2.Set up the working environment and import data

# the location of R (used for the mclust clustering)
ENVpath = "your path of PROST_ENV"            # refer to 'How to use PROST' section 
os.environ['R_HOME'] = f'{ENVpath}/lib/R'
os.environ['R_USER'] = f'{ENVpath}/lib/python3.7/site-packages/rpy2'

# init
SEED = 818
PROST.setup_seed(SEED)

# Set directory (If you want to use additional data, please change the file path)
rootdir = 'datasets/Stereo-seq/'

input_dir = os.path.join(rootdir)
output_dir = os.path.join(rootdir, 'results/')
if not os.path.isdir(output_dir):
    os.makedirs(output_dir)

# Read data from input_dir
adata=sc.read(input_dir+"/used_data.h5")

3.Calculate and save PI

adata = PROST.prepare_for_PI(adata, percentage = 0.01, platform="stereo-seq")
adata = PROST.cal_PI(adata, kernel_size=6, platform="stereo-seq")

# Calculate spatial autocorrelation statistics and Hypothesis test
'''
PROST.spatial_autocorrelation(adata, k = 10, permutations = None)
'''

adata.write_h5ad(output_dir+"/PI_result.h5")


>>> Filtering genes ...
>>> Trying to set attribute `.var` of view, copying.
>>> Normalization to each gene:
>>> 100%|██████████| 8520/8520 [00:02<00:00, 2871.91it/s]
>>> Gaussian filtering for each gene:
>>> 100%|██████████| 8520/8520 [18:07<00:00,  7.83it/s]
>>> Binary segmentation for each gene:
>>> 100%|██████████| 8520/8520 [00:29<00:00, 285.26it/s]
>>> Spliting subregions for each gene:
>>> 100%|██████████| 8520/8520 [01:39<00:00, 85.66it/s]
>>> Computing PROST Index for each gene:
>>> 100%|██████████| 8520/8520 [18:21<00:00,  7.74it/s]
>>> PROST Index calculation completed !!

4.Draw SVGs detected by PI

PROST.plot_gene(adata, platform="stereo-seq", size = 0.3, top_n = 25, ncols_each_sheet = 5, nrows_each_sheet = 5,save_path = output_dir)    


>>> Drawing pictures:
>>> 100%|██████████| 1/1 [00:15<00:00, 15.58s/it]
>>> Drawing completed !!

Stereo_seq_SVGs

Clustering

# Set the number of clusters
n_clusters = 11

1.Read PI result and Expression data preprocessing

PROST.setup_seed(SEED)
adata = sc.read(output_dir+"/PI_result.h5")

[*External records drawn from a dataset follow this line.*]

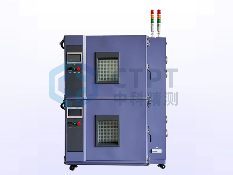 每腔均并联有2个烟雾感应系统,可在箱体内产生烟雾时迅速声光报警。由于箱体内部高低温循环易损烟感器,所以,将烟感器安装在箱体外部,用一微型气泵,时刻将箱体内部的空气泵入烟感器中,可避免烟感器的损坏。同时,烟感系统与设备联动,烟感报警时,环境箱停止运行,此时鼓风机启动,将烟雾迅速排出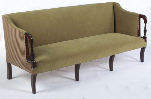 the upholstered rectangular back and seat between enclosed arms with reeded terminals on baluster supports, on front sabre legs, in green and red stripe upholstery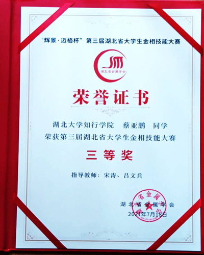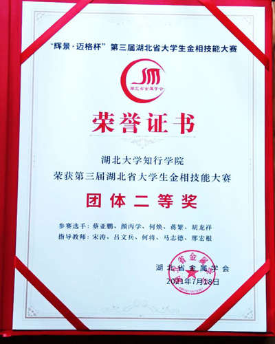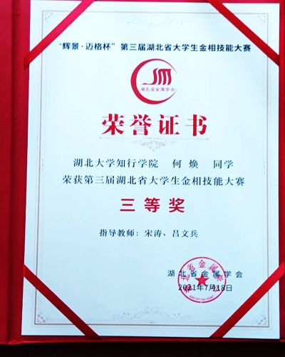 近日,第三届湖北省大学生金相技能大赛在武汉理工大学圆满举行。我校机械与自动化学院学生团队在与包括武汉大学、华中科技大学、湖北大学等重点高校学生的比拼中喜获佳绩,荣获团体二等奖。颜丙学同学获得个人一等奖,胡龙祥、蒋繁、蔡亚鹏、何焕等同学获得个人三等奖。
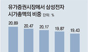 유가증권시장(코스피)에서 ‘대장주’로 통하는 삼성전자의 시가총액 비중이 23개월 만에 20% 밑으로 떨어졌다. 최근 메모리 반도체 시장을 부정적으로 전망하는 보고서들이 나오면서 외국인투자가들이 대거 삼성전자 매도 행렬에 나섰기 때문으로 풀이된다. 15일 한국거래소에 따르면 13일 현재 코스피 전체 시총(2285조3760억 원)에서 삼성전자(444조1518억 원)가 차지하는 비중은 19.43%로 집계됐다. 삼성전자 시총 비중은 9일 20.89%로 20%를 웃돌았지만 12일 19.87%로 떨어진 뒤 이틀 연속 19%대에 머물렀다. 삼성전자 시총 비중이 20%대 밑으로 떨어진 건 2019년 9월 4일(19.84%) 이후 23개월 만에 처음이다. 삼성전자 시총은 올해 1월 11일 543조2502억 원까지 불어나면서 코스피 대비 비중이 25%를 넘어섰다. 하지만 7개월간 주가가 하락하면서 시총이 100조 원 가까이 증발했다. 최근 삼성전자 시총이 급감한 건 외국인들의 매도 폭탄 때문이다. 외국인은 9∼13일 코스피에서 삼성전자(5조6068억 원)와 SK하이닉스(2조206억 원) 등 반도체주를 중심으로 순매도하며 주간 사상 최대치인 7조851억 원어치를 팔아치웠다. 김영환 NH투자증권 연구원은 “반도체 다운사이클에 대한 우려가 외국인의 대규모 매도를 촉발했다”고 설명했다. 같은 기간 외국인은 반도체주 대신 LG화학(3825억 원)과 삼성SDI(2975억 원) 등 2차전지주의 비중을 확대한 것으로 나타났다. 박민우 기자 minwoo@donga.com}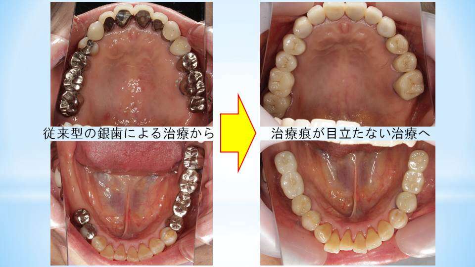 流山のグランツ歯科クリニックでは「銀歯ばっかりのお口の中」を白い歯で治療をします。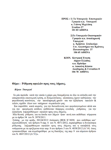 Η επιστολή έχει αποδέκτες τον Υπουργό Εσωτερικών κ. Γιάννη Μιχελάκη και τον αναπληρωτή Υπουργό Οικονομικών κ. Χρήστο Σταϊκούρα, από τους οποίους ζητείται η θέσπιση ρύθμισης και διακανονισμού χρεών που έχουν οι πολίτες προς τους Ο.Τ.Α. και η επέκταση των ευνοϊκών ρυθμίσεων που ισχύουν και εφαρμόζονται σε οφειλές που έχουν οι Έλληνες πολίτες προς το κράτος και για τις οφειλές προς τους Ο.Τ.Α.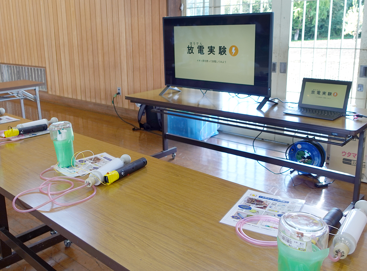 放電の瞬間、ピンク色の光がふわっと広がると「わあっ!光った!」と歓声があがりました。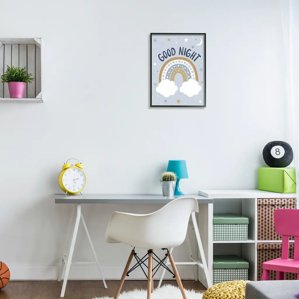 Stupell Good Night Astronomical Rainbow Outer Space Symbol Stripes Framed Wall Art, Design By Ilis Aviles - Blue - 16 X 20 - Black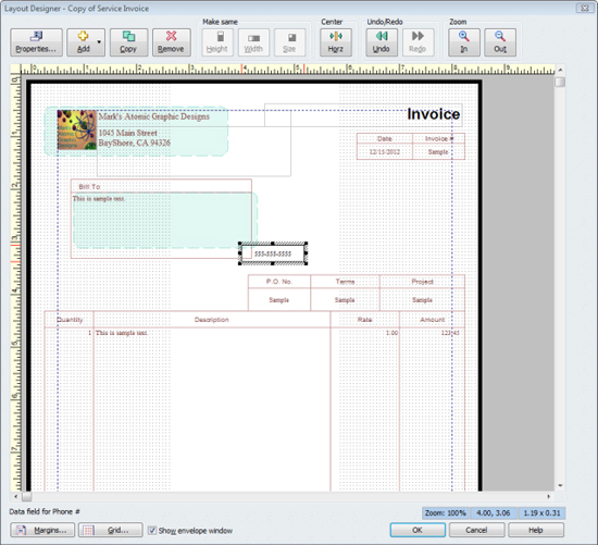 Templates are designed for use with Intuit's preprinted forms. So if you want to make additional changes, you'll have to make a copy of the form before doing so (which may or may not work with Intuit's forms). Click Manage Templates, and then click the Copy button. The program creates a modifiable copy of the template, which you can rename by replacing the text in the Template Name box. Click OK. As you make changes on the left side of the window, you'll see those modification reflected in the graphical representation of your invoice on the right.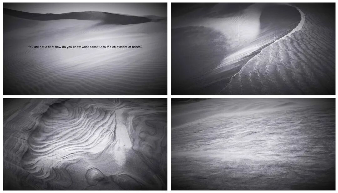 聚焦艺术家马泉教授的艺术表达,作品以沙漠的自然性与媒介的多元化记录着他近二十年来的艺术实验路径。马泉教授热爱自驾,深入沙漠,远离城市喧嚣,并由此唤醒艺术家与自然、空间、社会等客观世界的心灵对话。对他而言,周遭的一切自然元素提供了无穷的创作素材,所涉足的“无人区”成为隔绝现代社会的哲学思辨场域。

sc.pp.normalize_total(adata)
sc.pp.log1p(adata)
adata = PROST.feature_selection(adata, by = "prost",    n_top_genes = 3000)

adata

>>> View of AnnData object with n_obs × n_vars = 19109 × 2527
     obs: 'n_genes_by_counts', 'log1p_n_genes_by_counts', 'total_counts', 'log1p_total_counts', 'pct_counts_in_top_50_genes',    'pct_counts_in_top_100_genes', 'pct_counts_in_top_200_genes', 'pct_counts_in_top_500_genes'
     var: 'n_cells_by_counts', 'mean_counts', 'log1p_mean_counts', 'pct_dropout_by_counts', 'total_counts', 'log1p_total_counts',    'n_cells', 'SEP', 'SIG', 'PI', 'selected'
     uns: 'binary_image', 'del_index', 'gau_fea', 'locates', 'nor_counts', 'shape', 'subregions', 'log1p'
     obsm: 'spatial'

2.Run PROST clustering

PROST.run_PNN(adata, 
            platform="stereo-seq", 
            min_distance = 50,
            init="mclust",
            n_clusters = n_clusters,                     
            tol = 5e-3,
            SEED=SEED,
            max_epochs = 500,
            post_processing = False,
            cuda = False)


>>> Calculating adjacency matrix ...
>>> Running PCA ...
>>> Laplacian Smoothing ...
>>> Initializing cluster centers with mclust, n_clusters known
>>> Epoch: : 501it [3:07:58, 22.51s/it, loss=0. 24661717]                         
>>> Clustering completed !!

3.Save result

adata.write_h5ad(output_dir + "/PNN_result.h5")
clustering = adata.obs["clustering"]
clustering.to_csv(output_dir + "/clusters.csv",header = False)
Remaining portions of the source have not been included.